═════ Information provided

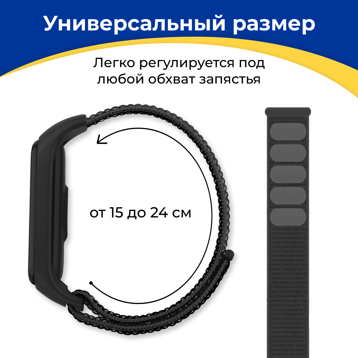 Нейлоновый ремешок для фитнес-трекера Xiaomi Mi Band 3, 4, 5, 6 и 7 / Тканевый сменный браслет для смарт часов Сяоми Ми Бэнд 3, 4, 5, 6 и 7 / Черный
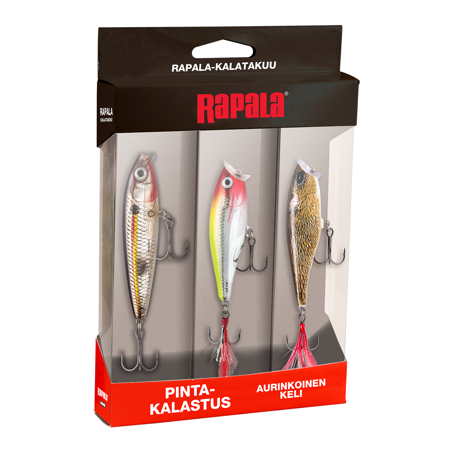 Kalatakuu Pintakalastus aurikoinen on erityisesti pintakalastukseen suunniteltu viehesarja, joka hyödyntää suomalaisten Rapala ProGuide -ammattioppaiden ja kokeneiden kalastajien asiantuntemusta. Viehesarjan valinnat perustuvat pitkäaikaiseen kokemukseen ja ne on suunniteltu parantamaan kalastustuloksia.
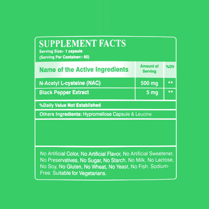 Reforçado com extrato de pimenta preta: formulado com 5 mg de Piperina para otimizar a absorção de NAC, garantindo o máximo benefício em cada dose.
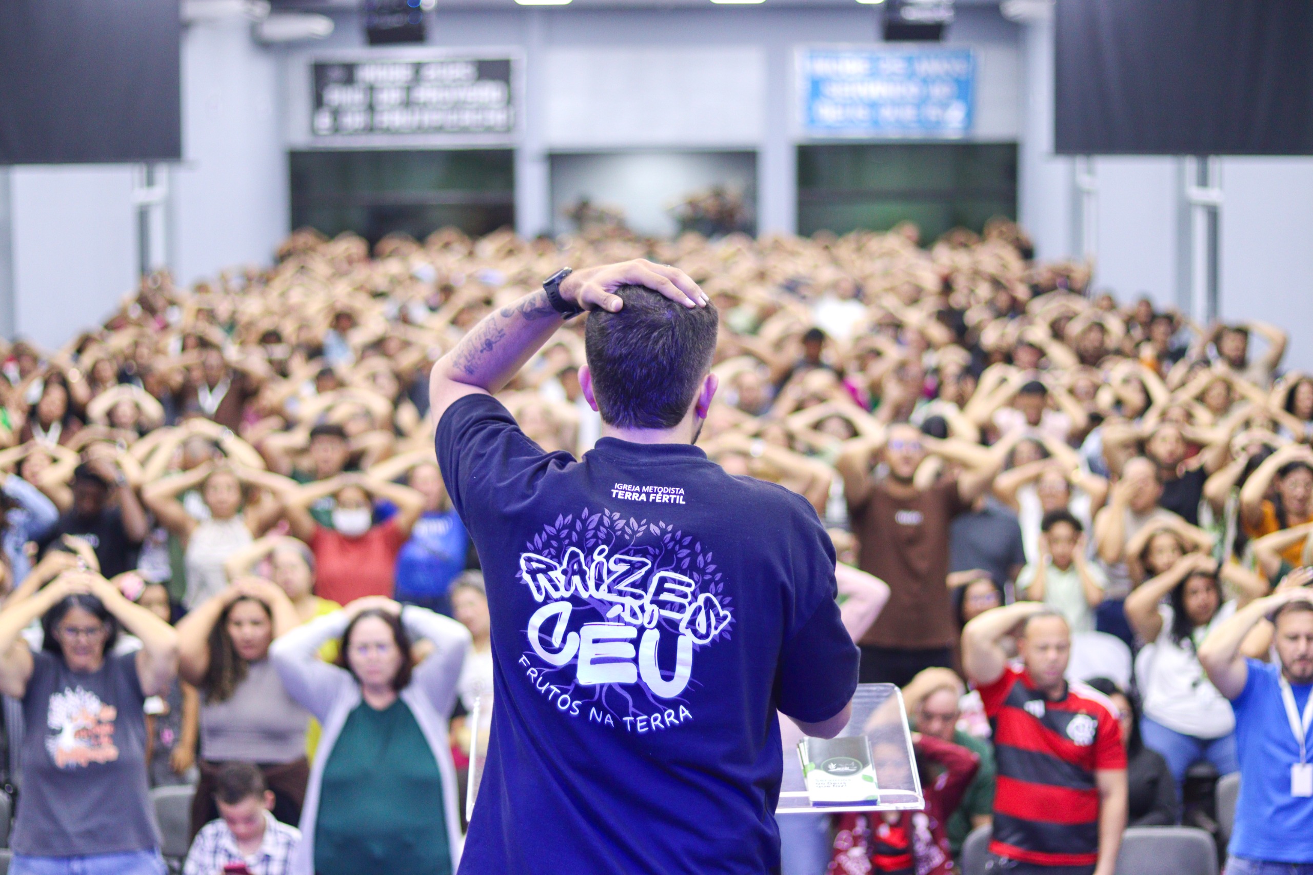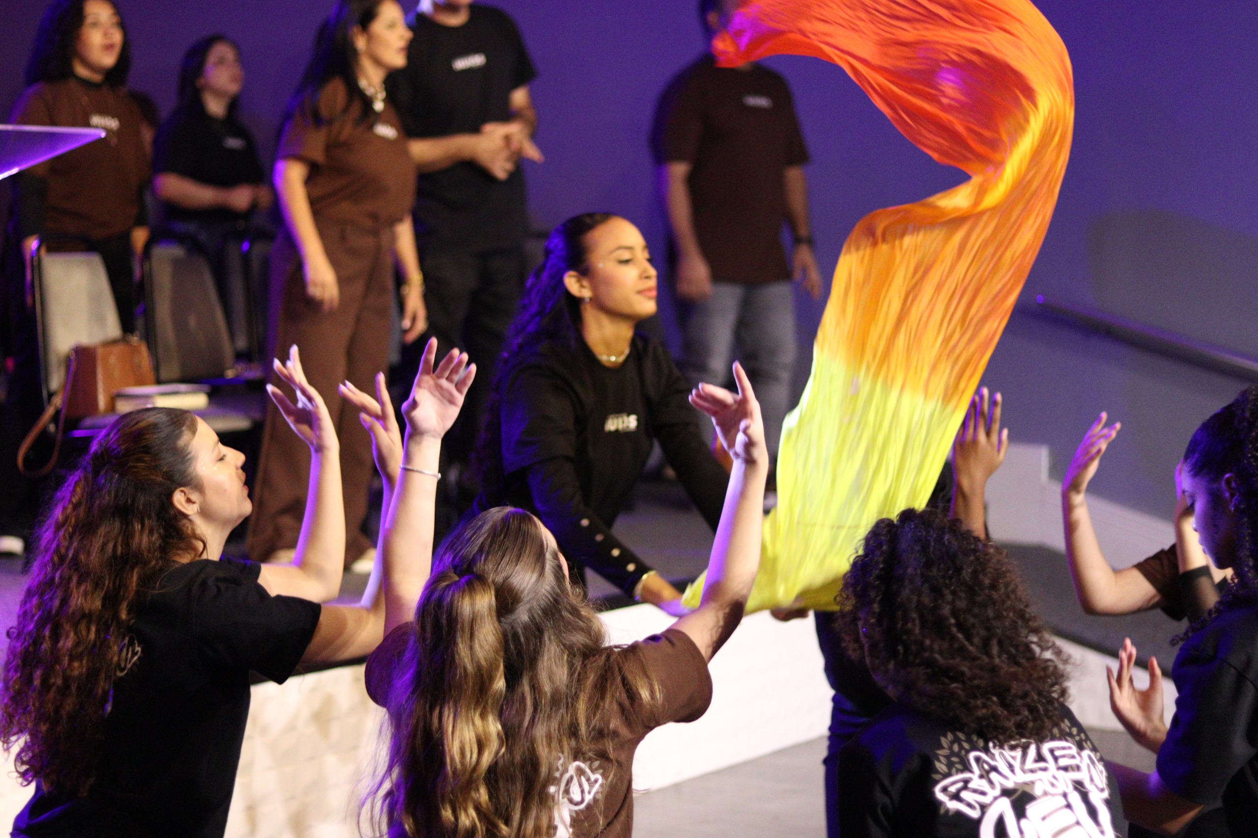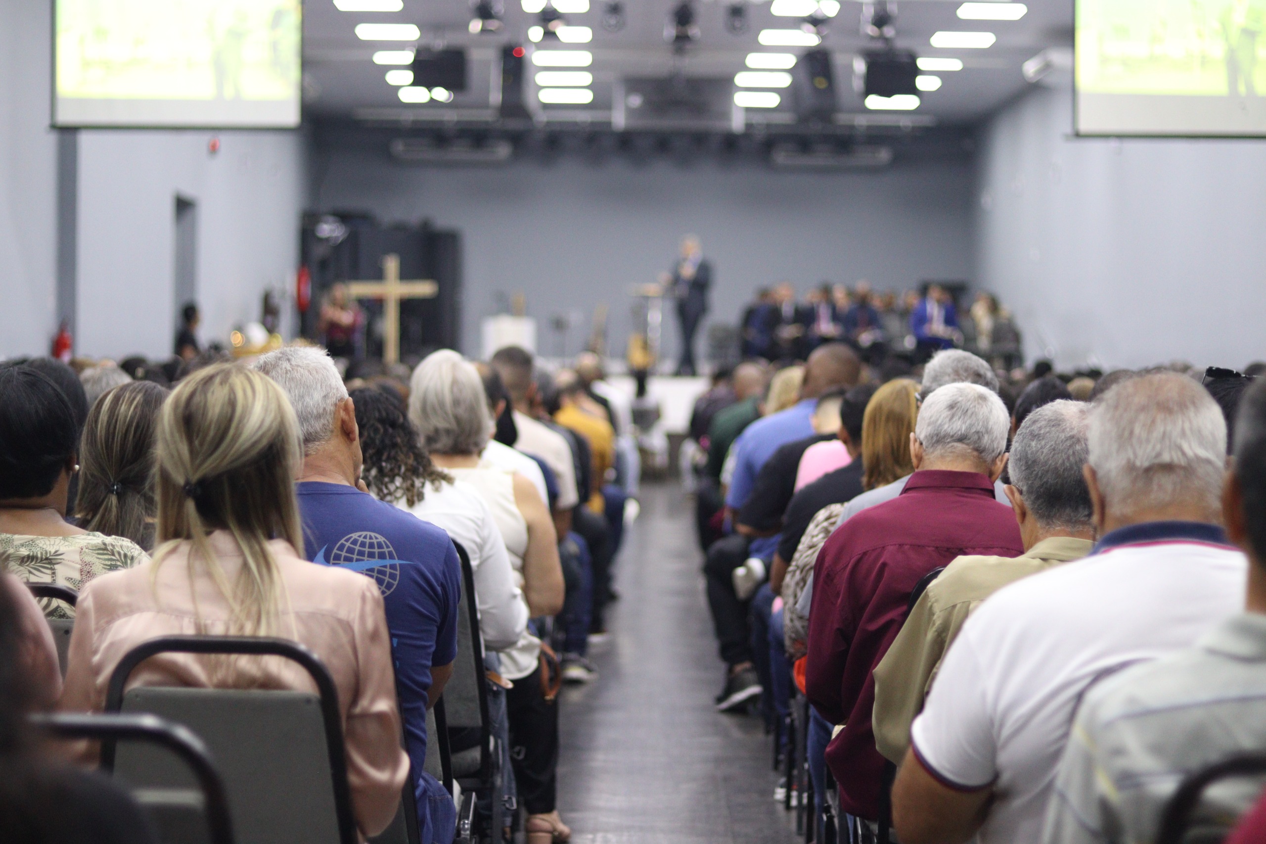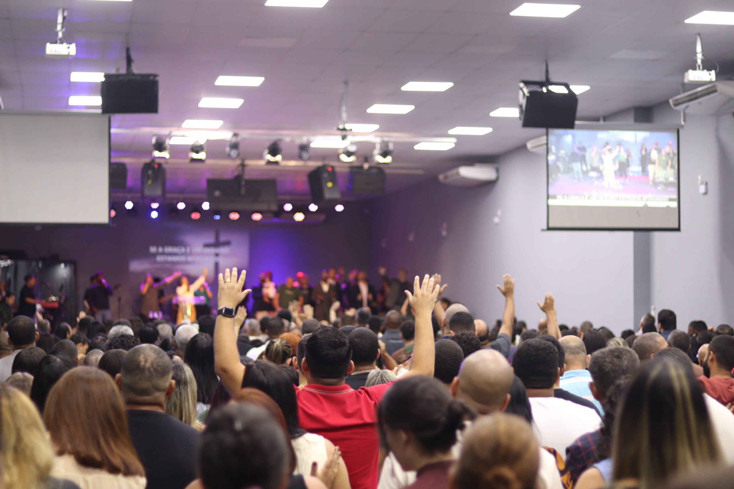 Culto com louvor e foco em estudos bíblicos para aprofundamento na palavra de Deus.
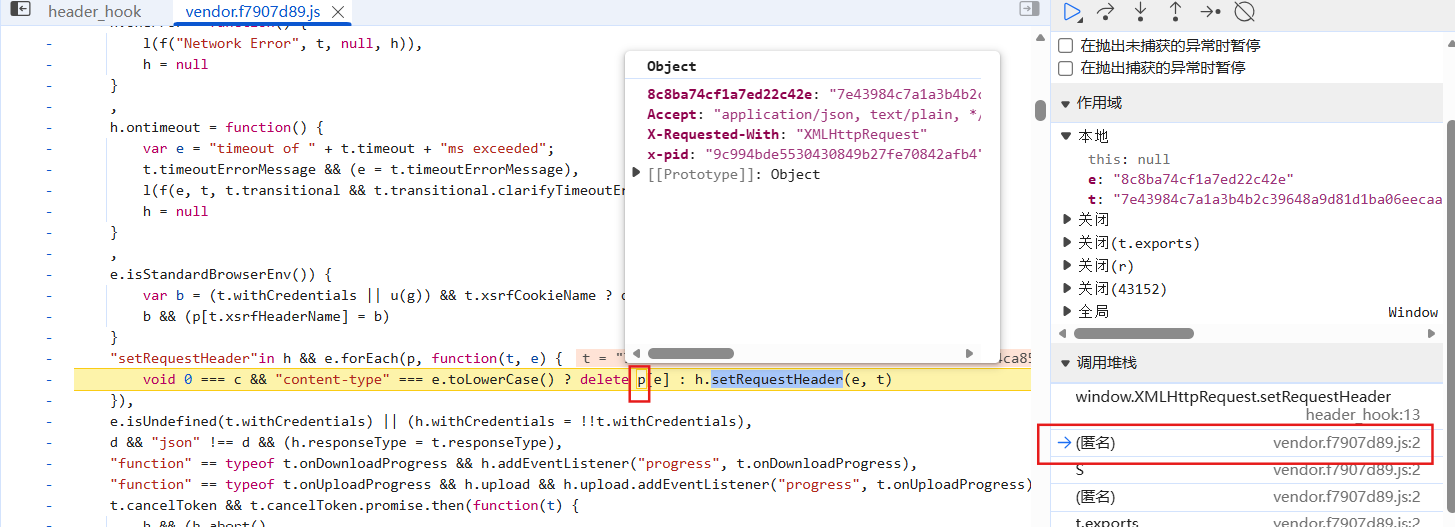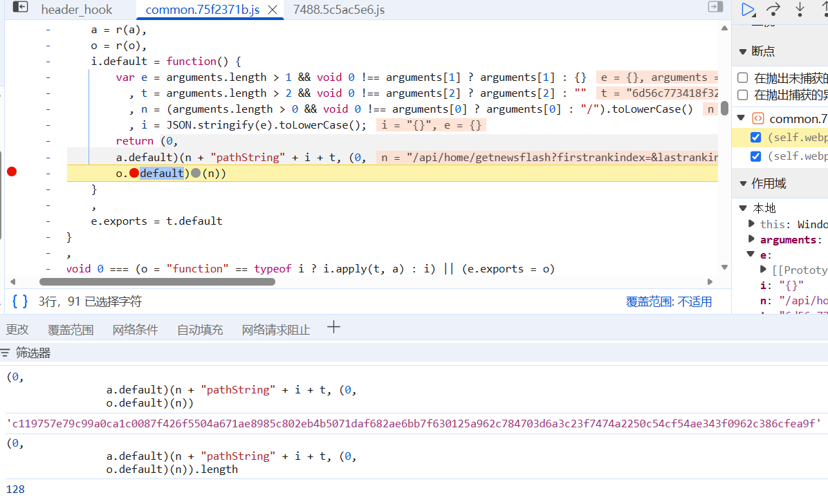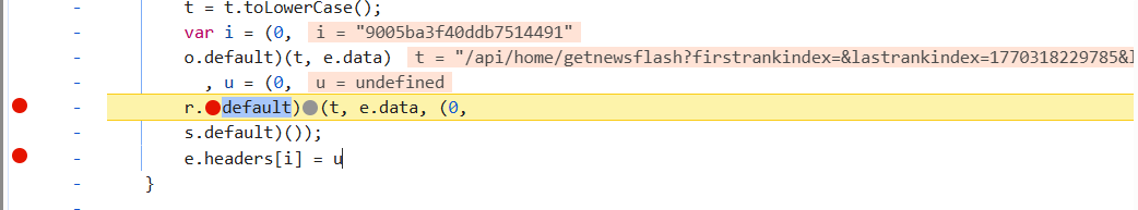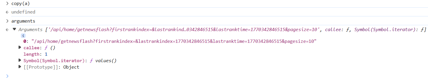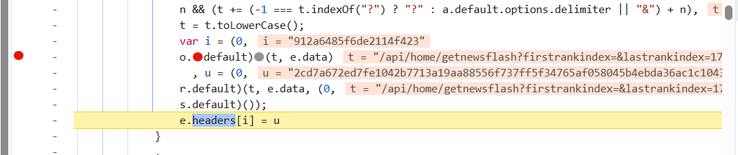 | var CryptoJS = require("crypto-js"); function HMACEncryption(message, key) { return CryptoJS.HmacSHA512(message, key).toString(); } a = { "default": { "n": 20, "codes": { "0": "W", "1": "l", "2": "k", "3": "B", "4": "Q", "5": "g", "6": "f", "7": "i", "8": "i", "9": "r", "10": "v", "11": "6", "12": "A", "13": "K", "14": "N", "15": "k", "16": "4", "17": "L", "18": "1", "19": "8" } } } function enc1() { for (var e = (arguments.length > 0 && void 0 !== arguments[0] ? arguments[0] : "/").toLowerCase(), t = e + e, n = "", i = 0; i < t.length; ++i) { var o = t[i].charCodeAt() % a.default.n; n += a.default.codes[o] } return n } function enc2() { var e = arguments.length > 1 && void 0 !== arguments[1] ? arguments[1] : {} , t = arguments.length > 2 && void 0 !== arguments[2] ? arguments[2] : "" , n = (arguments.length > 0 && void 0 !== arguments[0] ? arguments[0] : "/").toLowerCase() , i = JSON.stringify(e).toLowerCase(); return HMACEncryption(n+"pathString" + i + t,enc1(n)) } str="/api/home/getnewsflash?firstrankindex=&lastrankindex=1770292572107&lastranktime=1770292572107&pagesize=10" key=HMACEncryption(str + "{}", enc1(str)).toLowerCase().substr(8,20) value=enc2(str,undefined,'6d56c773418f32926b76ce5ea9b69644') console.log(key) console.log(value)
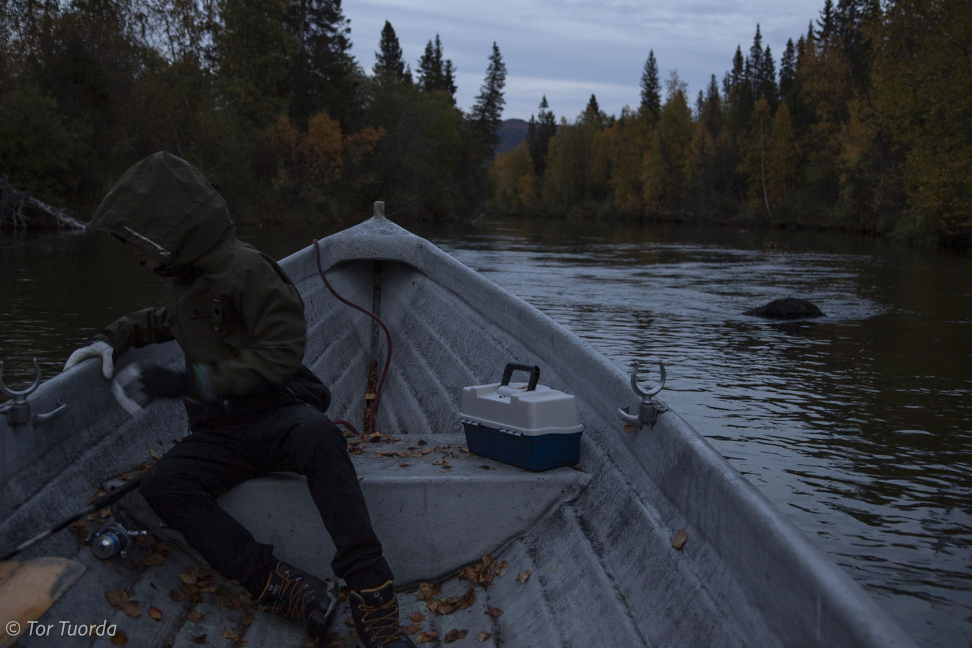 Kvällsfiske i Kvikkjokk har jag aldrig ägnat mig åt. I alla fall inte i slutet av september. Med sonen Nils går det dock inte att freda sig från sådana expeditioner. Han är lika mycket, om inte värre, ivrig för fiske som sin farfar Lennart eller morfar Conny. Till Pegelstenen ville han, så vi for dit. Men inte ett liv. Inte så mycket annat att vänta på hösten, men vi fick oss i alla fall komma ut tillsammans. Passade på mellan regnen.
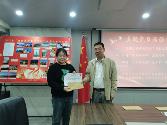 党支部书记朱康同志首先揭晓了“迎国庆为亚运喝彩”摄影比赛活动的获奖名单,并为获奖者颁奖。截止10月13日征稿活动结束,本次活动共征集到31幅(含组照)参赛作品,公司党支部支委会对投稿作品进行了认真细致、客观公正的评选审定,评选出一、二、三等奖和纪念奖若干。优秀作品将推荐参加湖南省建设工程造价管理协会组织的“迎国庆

══════════

### Problem to solve
When you reach the line containing "Reforçado com extrato" in the entries above, begin restating word for word, and stop once the line containing "Culto com louvor" has been given. Omit the pictures.

### Reply
 Reforçado com extrato de pimenta preta: formulado com 5 mg de Piperina para otimizar a absorção de NAC, garantindo o máximo benefício em cada dose.
 Culto com louvor e foco em estudos bíblicos para aprofundamento na palavra de Deus.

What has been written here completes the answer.